By Linda Somo
Thanks to the work of President Joe Biden and Congress, seniors are finally starting to get the lower drug costs they deserve.
August 16 marked the one-year anniversary of the Inflation Reduction Act, which lowers prescription drug and health coverage costs for millions of Americans. And finally, after 20 years of waiting, Arizona seniors are cheering the fact that Medicare will begin negotiating the prices of commonly-used, life-saving pharmaceuticals.
For decades, Big Pharma has blocked this from happening. While pharmaceutical companies made record profits and spent millions of dollars on lobbying and advertising their products, millions of Americans were forced to choose between paying for medications they needed to live, or paying for other necessities, like food or rent.
In addition to this great achievement, the law also lowers health care premiums for people who buy their own coverage by $2,400 on average, caps insulin costs for people on Medicare and penalizes big drug companies for egregious price hikes. All of which is already helping Arizonans.
This is just the beginning. Soon, seniors’ out-of-pocket drug costs will be capped at $2,000 annually, and Medicare will finally be able to negotiate lower drug prices. This month, the Biden administration announced which 10 drugs were selected for the first round of price negotiations.
In celebration of these achievements, the Arizona Alliance for Retired Americans recently joined Protect Our Care’s nationwide bus tour in Tempe to demonstrate how these important changes are already driving down health care costs by thousands of dollars a year — with even more savings on the way.
We discussed how so many of our seniors are already feeling relief from the direct impact these historic health care measures have on their lives. U.S. Rep. Greg Stanton, D-Phoenix, discussed his role in helping to pass the Inflation Reduction Act and how he has been supporting President Biden as the administration takes action to eliminate surprise medical bills and expand protections for people with pre-existing conditions like asthma, cancer, and diabetes.
Prescription drugs don’t work if people can’t afford to take them, and high drug prices are keeping far too many Americans from the health care they need. Patients should not be paying exorbitant out-of-control prices for medicines that they need when all it’s doing is increasing drug company profits and paying for outrageous CEO salaries — especially when those same drugs are sold for far less elsewhere in the world, and the drug companies are still making profits on those lower prices.

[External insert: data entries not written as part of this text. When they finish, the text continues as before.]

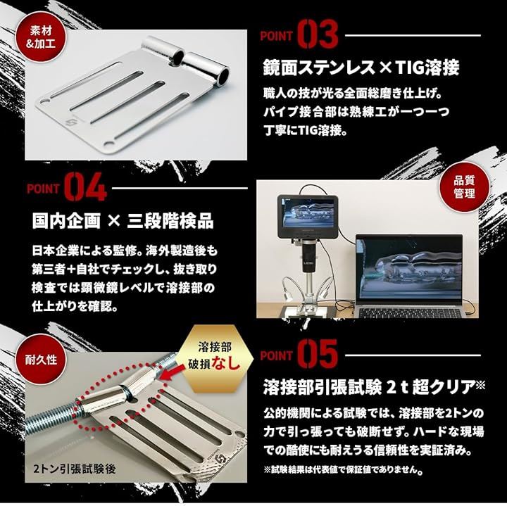 「公的機関が証明した、プロ仕様の溶接強度」 公的試験機関での引張試験では、2トンを超える荷重をかけても溶接部は破断せず。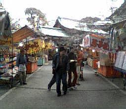 街路を埋めし踊りは昨夜に終われど、浅間神社に祭り未だ果てず、参道・境内に屋台並びたり(右写真)。桜、三分ばかり。境内の、かつて見世物小屋を見たりし辺り、お化け屋敷出る。口上喧し。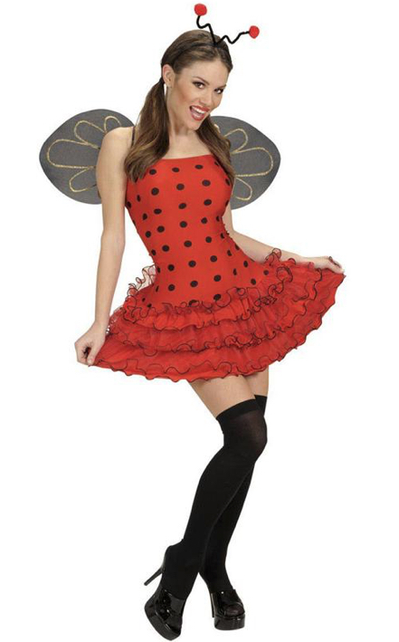 Magnifique déguisement de coccinelle pour femme. Ce déguisement comprend une robe, des ailes, ainsi que des antennes.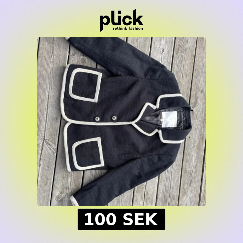 Stilren svart kavaj från InWear med kontrasterande vita kanter och två stora fickor framtill. Klassisk krage, knappar och snygg struktur i tyget. Perfekt för dig som vill ha en tidlös och trendig look.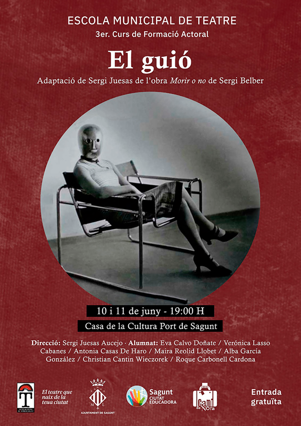Los días 10 y 11 de junio, a las 19 horas el 3er curso de formación actoral representará El guió en la Casa Municipal de Cultura de Puerto de Sagunto. Esta obra es una adaptación de Sergi Juesas de la obra Morir o no de Sergi Belbel.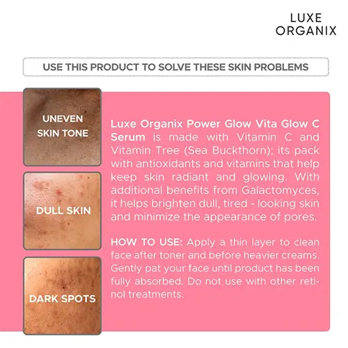 - Luxe Organix Power Glow Serum is packed with Vitamin C to give your skin the radiant glow that it deserves.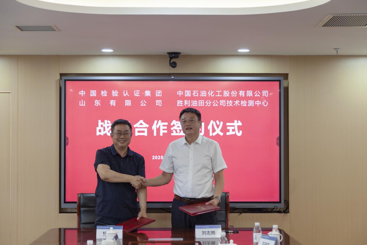 近日,中国中检山东公司与中国石油化工股份有限公司胜利油田分公司技术检测中心(简称“胜利油田技术检测中心”)在青岛签署战略合作协议。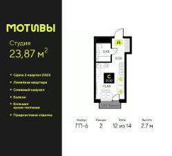 Продается однокомнатная квартира-студия с предчистовой отделкой в ЖК ''Мотивы'' на 14 этаже. Общая площадь: 23.87 кв.м., площадь гостиной 13.68 кв.м., из которых 5 кв.м. выделено под кухонную зону. Все окна выходят на одну сторону. В квартире один балкон, один совмещенный санузел. Высота потолков 2.7 м. Квартира будет сдаваться с предчистовой отделкой White Box: выровнены и оштукатурены стены, проведено электричество и отопление, установлены радиаторы. Вы также можете приобрести квартиру с ремонтом от застройщика, представленным в трех цветовых решениях Scandi, Wood и Coffee и включающим ламинат, обои под покраску, двери, натяжной потолок и санузел с сантехникой. При желании вы можете заказать отделку под ключ, варианты возможных решений представлены в альбоме фотографий. Дом монолитный, черырехподъездный, переменной этажности, от 12 до 14 этажей. Квартира находится во 2-й секции высотой 14 этажей в корпусе ГП-6. На этаже 12 квартир. В подъезде 1 пассажирский и 1 грузовой лифт. Окончание строительства - 2 квартал 2026 года. Оформление сделки по договору долевого участия. Закрытая от автомобилей территория, безопасный двор и камеры видеонаблюдения - гаранты вашего спокойствия. Квартал будет располагать богатой инфраструктурой: на первых этажах разместятся магазины, пекарни, кофейни, пункты выдачи, аптеки, детские центры, цветочные салоны и многое другое, что сделает жизнь поистине комфортной. Рядом находится парк общей площадью почти 5000 м², в котором располагаются локации для игр и отдыха жителей, здесь можно совершить утреннюю пробежку или прогуляться после рабочего дня. В парке есть зона воркаута с тренажерами для взрослых, игровые комплексы с горками и канатный комплекс для детей разных возрастов, качели и лавочки для отдыха, площадки для командных видов спорта и для панна-футбола. В ЖК ''Мотивы'' всё продумано до мелочей: светлые холлы входных групп, оформленные в едином стиле, просторные колясочные, лапомойки для питомцев. На территории комплекса находятся 2 8-ми этажных паркинга и более 1000 м/м на открытой парковке. Жилой комплекс находится в одном из экологически благоприятных районов Тюмени, недалеко от Плехановского бора. При этом до центра города можно добраться за 15 минут, а до международного аэропорта Рощино за 13 минут. Окончание строительства: ГП 1, 2, 3, 4 сдача до конца 2024 года, ГП 6, 7, 8 сдача 2 квартал 2026 года. #ZmDz0F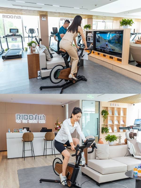 RIDO力動品牌CX50室內(nèi)公路車是店內(nèi)的另一亮點(diǎn),它采用了獨(dú)特的負(fù)坡度設(shè)計和實景騎行模式,支持大屏連接、在線競技、游戲沖關(guān),為健身愛好者帶來了更沉浸式、多樣化且充滿樂趣的鍛煉選擇。

Unfortunately, those big drug companies and their allies in Congress are trying to sabotage this monumental progress in order to protect their outrageous profits.
After spending more than $100 million on lobbying to kill the Inflation Reduction Act, drug companies are suing the federal government to try to take away Medicare’s power to negotiate drug prices. While Americans are cutting pills and skipping doses, drug companies are claiming their industry should be exempt from negotiating with Medicare, and they should continue to be allowed to overcharge seniors and have taxpayers pad their sky-high profits.
This is insulting to American patients who pay up to four times more for the same drugs as patients in other wealthy countries.
Despite strong opposition, President Biden and Congress stood up to big drug companies and won a decades-long battle to lower the cost of prescription drugs by giving Medicare the power to negotiate lower prices and ending the era of drug companies’ unchecked power and greed. Arizonans depend on quality, affordable health care to live healthy, secure lives, and the Inflation Reduction Act is an historic step forward to lowering costs.
That loud noise that you hear is the cheering of millions of seniors who will benefit from the passage of the Inflation Reduction Act and the lowering of the cost of prescriptions.